Adenosine deaminase (ADA) is the most cost-effective pleural fluid marker for the diagnosis of tuberculous pleural effusion [5,6]. Most widely accepted cut-off value is 40U/l, with a sensitivity and specificity of 92% and 90% respectively for the diagnosis of tuberculous pleurisy [7,8] and such high levels in lymphocytic pleural effusions have also been reported in rheumatoid arthritis, lymphoma, bronchoalveolar carcinoma, mesothelioma, systemic lupus erythematosus, and in seldom cases of mycoplasma and chlamydia pneumonia, psitacosis, paragonimiasis, infectious mononucleosis, brucelosis, familial Mediterranean fever , histoplasma and coccidioidomycosis [9] along with this, one-third of cases of uncomplicated pleural effusions and two-thirds of those of complicated pleural effusions and empyema, both neutrophilic, may have an ADA level higher than 40U/l [10]. In an extensive study in our county through ten years and including 472 episodes of pleural effusion, ADA showed a sensitivity of 89% and specificity of 92% when used alone for the diagnosis of pleural tuberculosis; PPV and NPV values were 69% and 97%, but when combined with lymphocyte proportion higher than 50% specificity and PPV increased to 98% and 90% respectively. Seventy eight out of the 472 episodes (16%) were pleural effusions of miscellaneous origin, and the mean ADA value in pleural fluid in this group was 19U/l, with a standard deviation of 18U/l. Simultaneously, uncomplicated parapneumonic effusion was diagnosed in 92 cases (19%), with a mean ADA value in pleural fluid of 21U/l and a standard deviation of 10U/l [10].
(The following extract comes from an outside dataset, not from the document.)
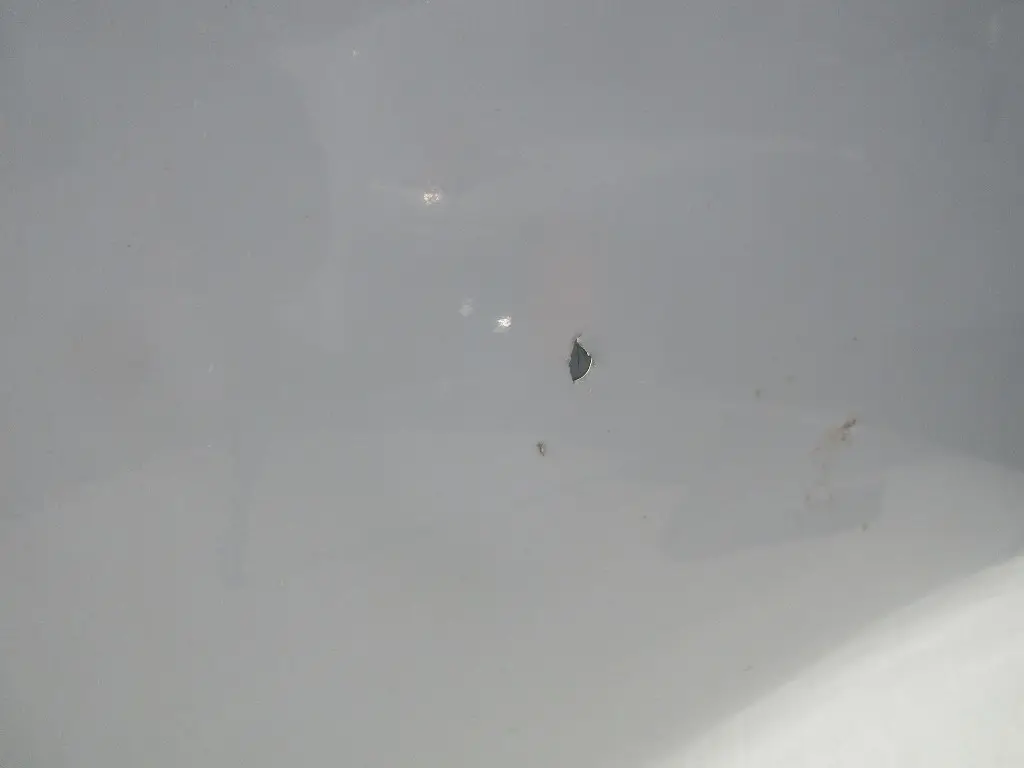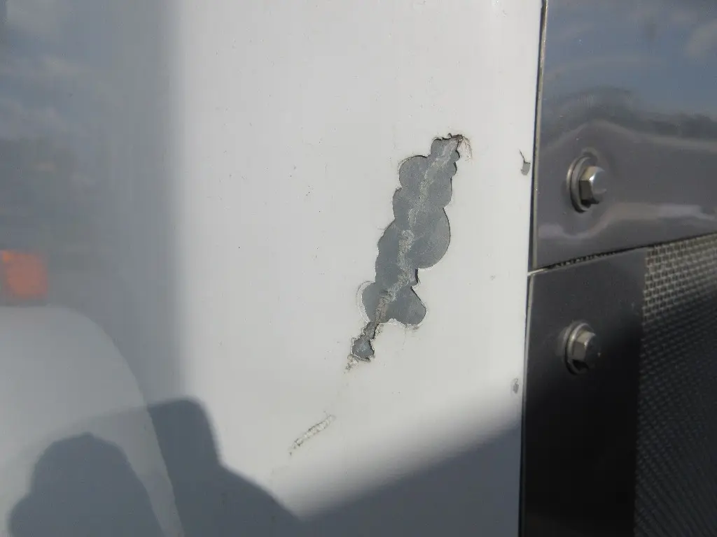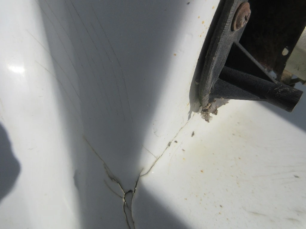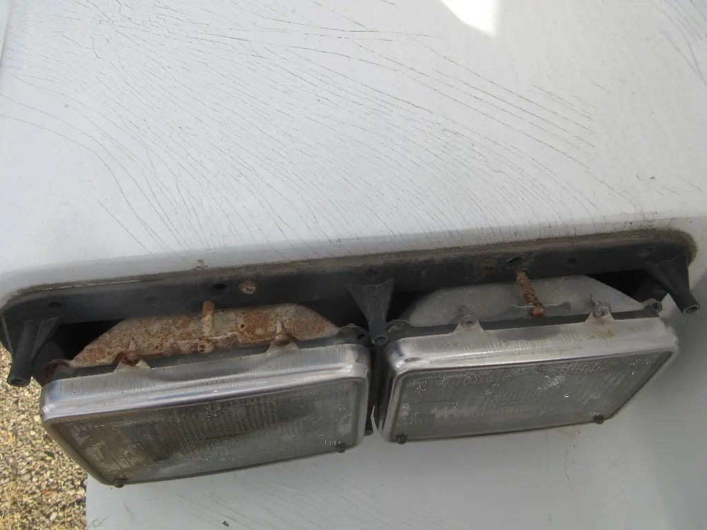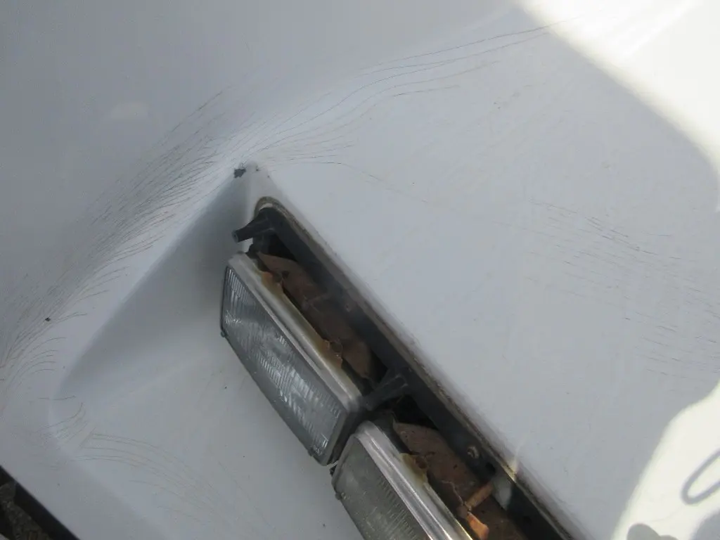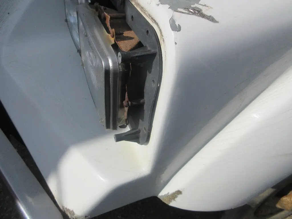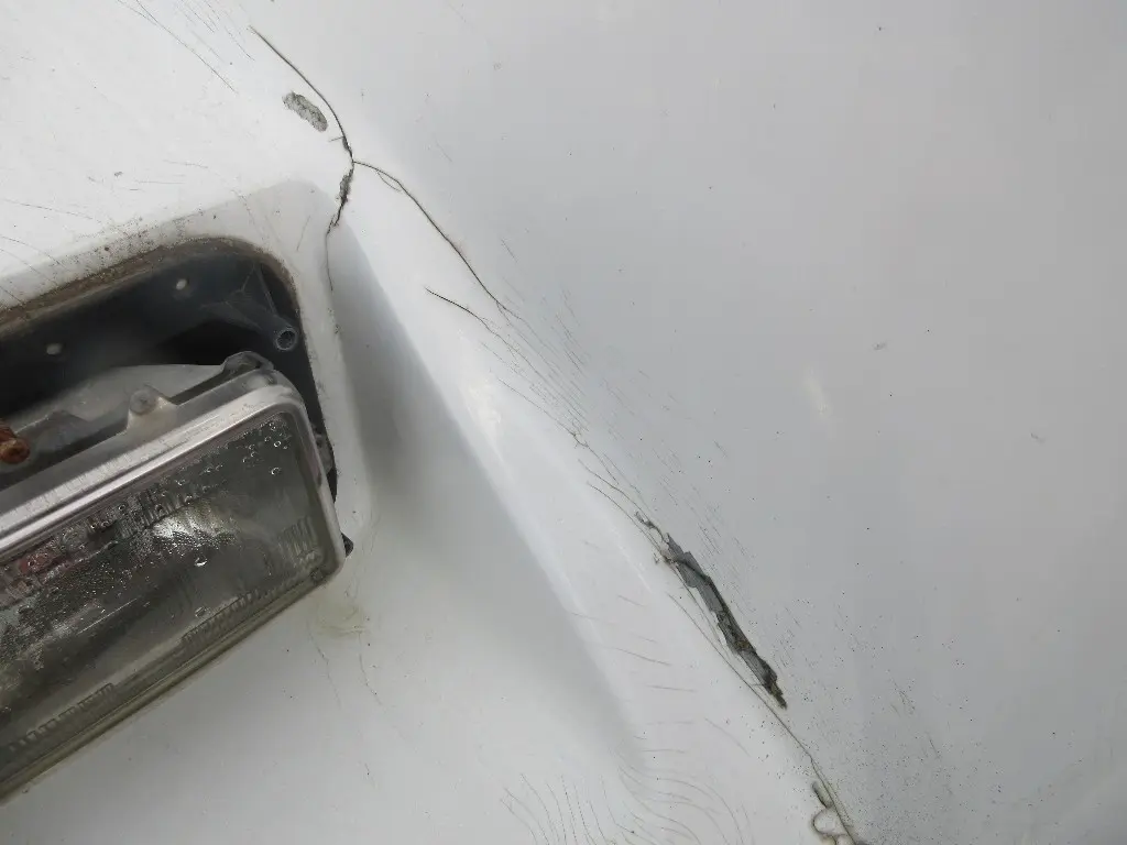 HEADLAMP BEZELS MISSING, PAINT CHIPS & CRACKING, SMALL GOUGES ON LH NEAR HEADLAMP, SMALL CRACK BELOW RH HEADLAMP

Our patient developed a pleural effusion which fulfilled diagnostic criteria of SBP: within a previous hydrothorax, quickly increasing pleural effusion with more than 500 polymorphonuclear cells/mm3 was objectived, transiently exudative and without evidence of pneumonia on computed tomography. The clinical symptoms with fever and cough and the growth of Streptococcus pneumoniae in sputum culture make reasonable the hypothesis that the source was the respiratory tract; and accidentally we found that ADA level in pleural fluid was increased, which is not previously reported in this type of pleural effusions. It seems rational that pathogenesis of spontaneous bacterial pleuritis from respiratory source and parapneumonic effusion might sometimes be similar, with moving of fluid and cells across the adjacent visceral pleural membrane from the lung; and we might so suggest including SBP within the limited group of pleural effusions which may evolve with a high ADA level.

  1. Light RW (2013) Pleural Diseases. (6th edn) Lippincot, Williams and Wilkins, Baltimore, USA: 144-147.
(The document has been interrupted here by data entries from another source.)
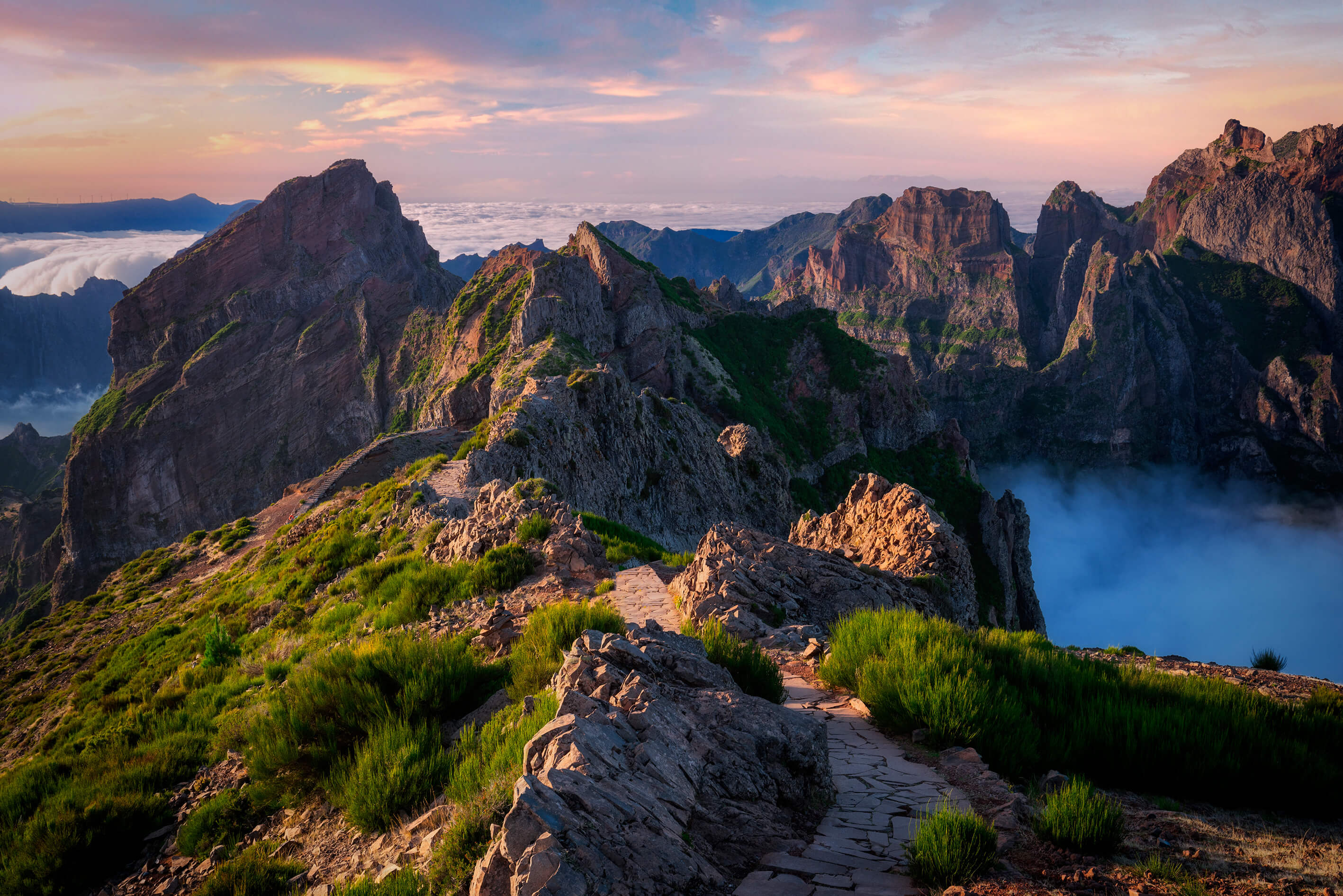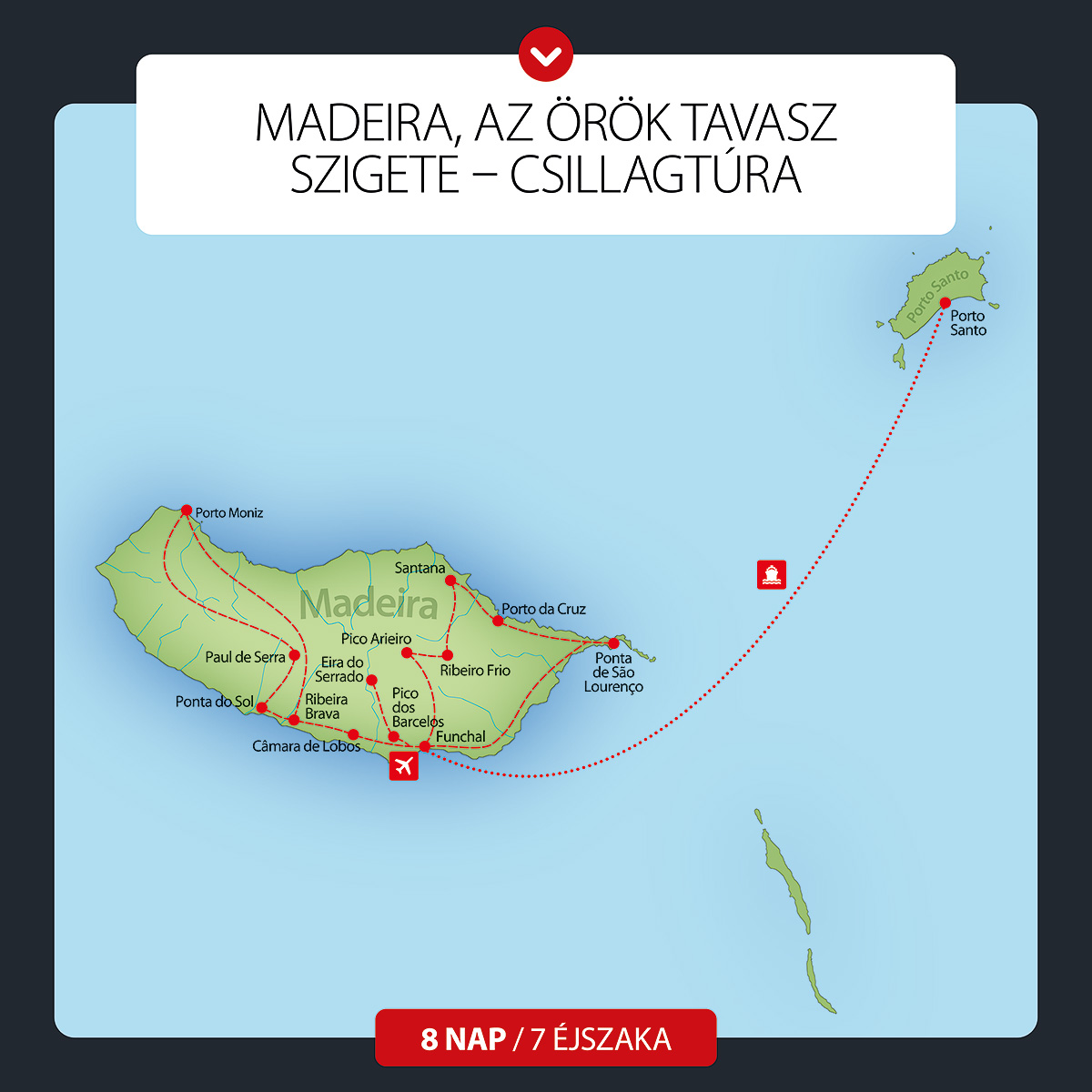 A napunknak látványos kezdést biztosít a sziget egyik legmagasabb pontja, a Pico Arieiro, mely 1818 méter magas. Innen álomszép kilátás nyílik a környező, zöldellő lankákra, és a sejtelmes felhőkre. Tiszta időben akár a Paul de Serra fennsíkon lévő szélturbinákat is megpillanthatjuk, Innen a Ribeiro Frio völgyben a laurissilva, azaz babérerdő vár ránk. Megállunk egy kis levada túrára. A levada egy tipikus madeirai turistaútvonal, mely a növények ellátását biztosító vízicsatornák köré épültek. Körülbelül 25 perces ballagás után érjük el a Balcões kilátópontot. A buszunkhoz visszafelé egy újabb, kb. 20 perces gyaloglás vezet. Majd Santana varázsol el minket jellegzetes, háromszöget formázó kis faházaival. Majd elhaladunk Porto da Cruz, illetve a sziget jelképének számító Sasszikla, azaz Penha D’Águia mellett. Kihagyhatatlan élményt ígér a rumfőzde Engenhos do Norte-nál. A nap méltó zárását jelenti Ponta S. Lourenco, Madeira legkeletibb pontja, ahonnan elénk tárul az északi és a déli part is. Visszatérés a hotelbe.
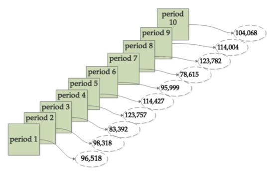 The procurement decision depends on the state of the current period and has no direct bearing on the states of earlier periods; in other words, it is random and has “no after effect”, which is in accordance with MDP requirements. Based on this and previous research [,], this paper resolves the problem by an improved MDP model and uses a dynamic programming algorithm to calculate the optimal decision path of the entire periods. s refers to the state of the current period, which represents the initial state in the MDP. I, Q, C, t, and k are variables in the transaction. I denotes the set of orders that should be delivered in the tth period, Q refers to the set of supplier quotations in the current state that demand enterprises may choose from, C refers to other cost-excluding product costs in the current period and k is demand enterprises’ original inventory level. As soon as a transaction is complete, state s is transferred to the next state s’, and receives I’, Q’, t’, and k’.
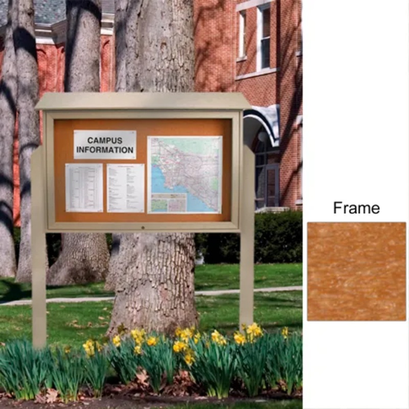 United Visual Products 45″W x 30″H Cork Top-Hinged Single Door Message Center with Cedar Frame
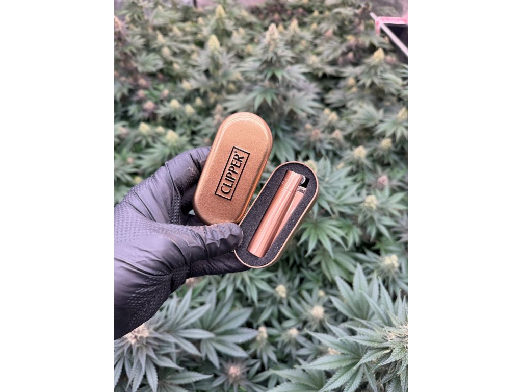 Ajándékdoboz, avagy Gift Box egy népszerű Clipper öngyújtóval, klasszikus méretben, szép színnel, amely a rózsaaranyra emlékeztet.

  2. Tu CY, Chen CH (2012) Spontaneous bacterial empyema. Curr Opin Pulm Med 18: 355-358.

  3. Chen CH, Shih CM, Chou JW, Liu YH, Hang LW, et al. (2011) Outcome predictors of cirrhotic patients with spontaneous bacterial empyema. Liver Int 31: 417-424.
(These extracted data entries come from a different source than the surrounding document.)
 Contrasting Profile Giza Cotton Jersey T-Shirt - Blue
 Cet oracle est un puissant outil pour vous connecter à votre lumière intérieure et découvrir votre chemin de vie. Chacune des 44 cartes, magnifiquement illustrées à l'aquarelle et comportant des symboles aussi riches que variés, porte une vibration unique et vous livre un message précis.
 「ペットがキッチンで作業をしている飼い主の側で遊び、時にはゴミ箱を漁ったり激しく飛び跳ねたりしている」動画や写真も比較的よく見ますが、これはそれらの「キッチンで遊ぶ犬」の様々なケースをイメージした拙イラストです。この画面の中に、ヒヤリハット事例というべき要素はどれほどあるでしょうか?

  4. Xiol X, Castellote J, Baliellas C, Ariza J, Gimenez Roca A, et al. (1990) Spontaneous bacterial empyema in cirrhotic patients: analysis of eleven cases. Hepatology 11: 365-370.

  5. Porcel JM (2009) Tuberculous pleural effusion. Lung 187: 263-270.

  6. Krenke R, Korczynski P. (2010) Use of pleural fluid levels of adenosine deaminase and interferon gamma in the diagnosis of tuberculous pleuritis. Curr Opin Pulm Med 16: 367-375.

  7. Greco S, Girardi E, Masciangelo R, Capoccetta GB, Saltini C (2003) Adenosine deaminase and interferon gamma measurements for the diagnosis of tuberculous pleurisy: a meta-analysis. Int J Tuberc Lung Dis 7: 777-786.

  8. Liang QL, Shi HZ, Wang K, Qin SM, Qin XJ (2008) Diagnostic accuracy of adenosine deaminase in tuberculous pleurisy: a meta-analysis. Respir Med 102: 744-754.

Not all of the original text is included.